* _TRY IT_
Before copying, set aside the pictures; then restate exactly the lines from the one with "杭钢股份:今天走势不及预期,开盘低开三个" through the last line of the records.
──────── SUPPLIED MATERIAL
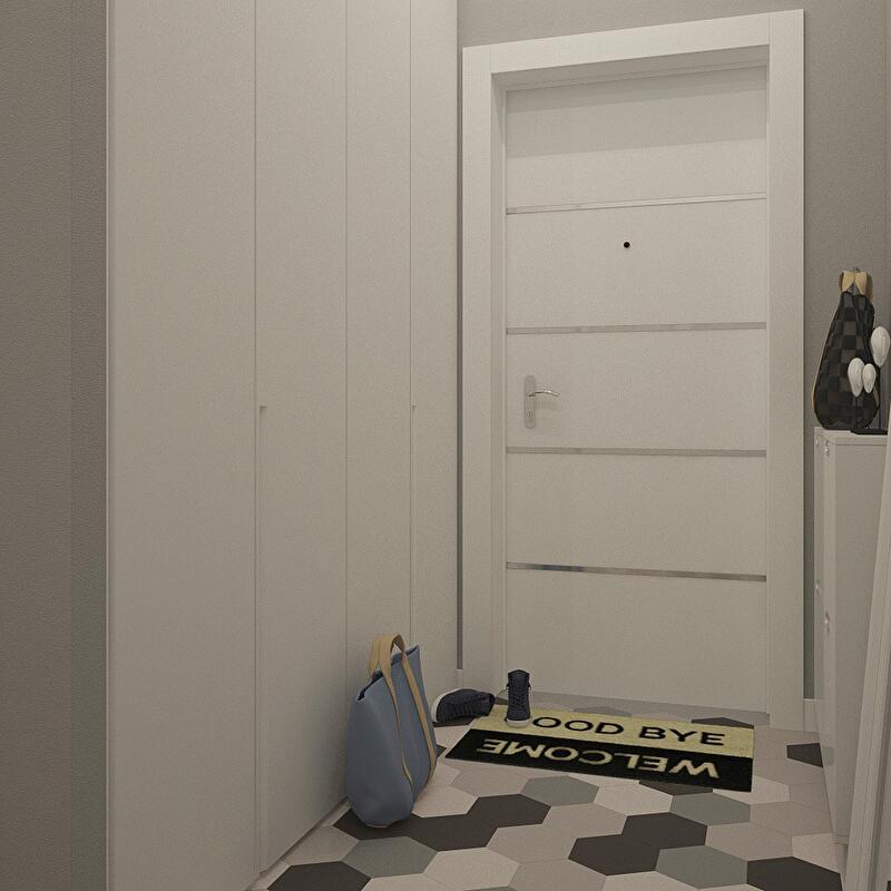 В качестве материала отделки пола жилых зон и коридора мы выбрали ламинат из-за его невысокой стоимости. Напольная плитка в прихожей и вдоль рабочей зоны кухни в виде правильных шестиугольников 3 разных оттенков серого, выложенная в произвольном порядке, служит особой визитной карточкой этого проекта.
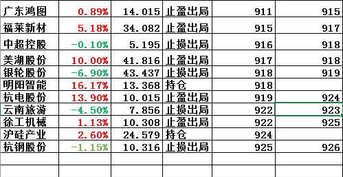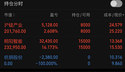 杭钢股份:今天走势不及预期,开盘低开三个多点,开盘有一波反抽,但反抽力度较弱,昨天水下低西的紫金在反抽中抛压出逃,在分时图跌破黄色均线反抽没有站上时选择止损下了。
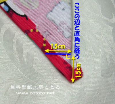※ カドと縫ったところの部分が直角二等辺三角形になります。
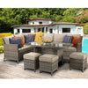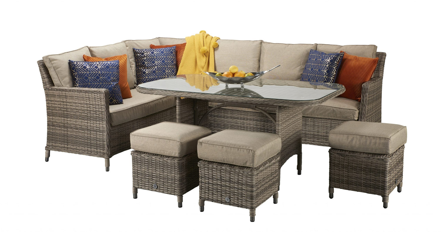 Crafted from mixed grey PE rattan over sturdy aluminium frames, the Edwina set blends style with substance. Its modern grey-brown finish pairs beautifully with pale grey fabric cushions, offering a neutral aesthetic that complements any outdoor décor. Whether you're hosting dinner under the stars or enjoying a peaceful morning coffee, this spacious rattan corner dining set delivers unmatched comfort and versatility.
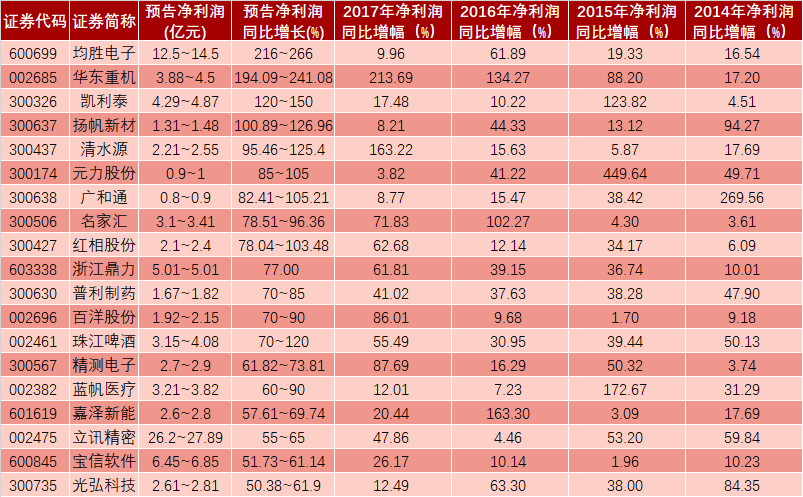 截至1月21日,共有1444家上市公司披露了2018年业绩预告,其中969家公司预计业绩增长,占比67.11%。单一年度的业绩增长显然无法反映上市公司的成长性,持续的业绩增长才更为重要。据数据统计,2014年-2017年净利润同比均实现增长, 且2018年业绩预增的公司共有123家。
────────────────
* _TASK RESULT_
 杭钢股份:今天走势不及预期,开盘低开三个多点,开盘有一波反抽,但反抽力度较弱,昨天水下低西的紫金在反抽中抛压出逃,在分时图跌破黄色均线反抽没有站上时选择止损下了。
※ カドと縫ったところの部分が直角二等辺三角形になります。
 Crafted from mixed grey PE rattan over sturdy aluminium frames, the Edwina set blends style with substance. Its modern grey-brown finish pairs beautifully with pale grey fabric cushions, offering a neutral aesthetic that complements any outdoor décor. Whether you're hosting dinner under the stars or enjoying a peaceful morning coffee, this spacious rattan corner dining set delivers unmatched comfort and versatility.
 截至1月21日,共有1444家上市公司披露了2018年业绩预告,其中969家公司预计业绩增长,占比67.11%。单一年度的业绩增长显然无法反映上市公司的成长性,持续的业绩增长才更为重要。据数据统计,2014年-2017年净利润同比均实现增长, 且2018年业绩预增的公司共有123家。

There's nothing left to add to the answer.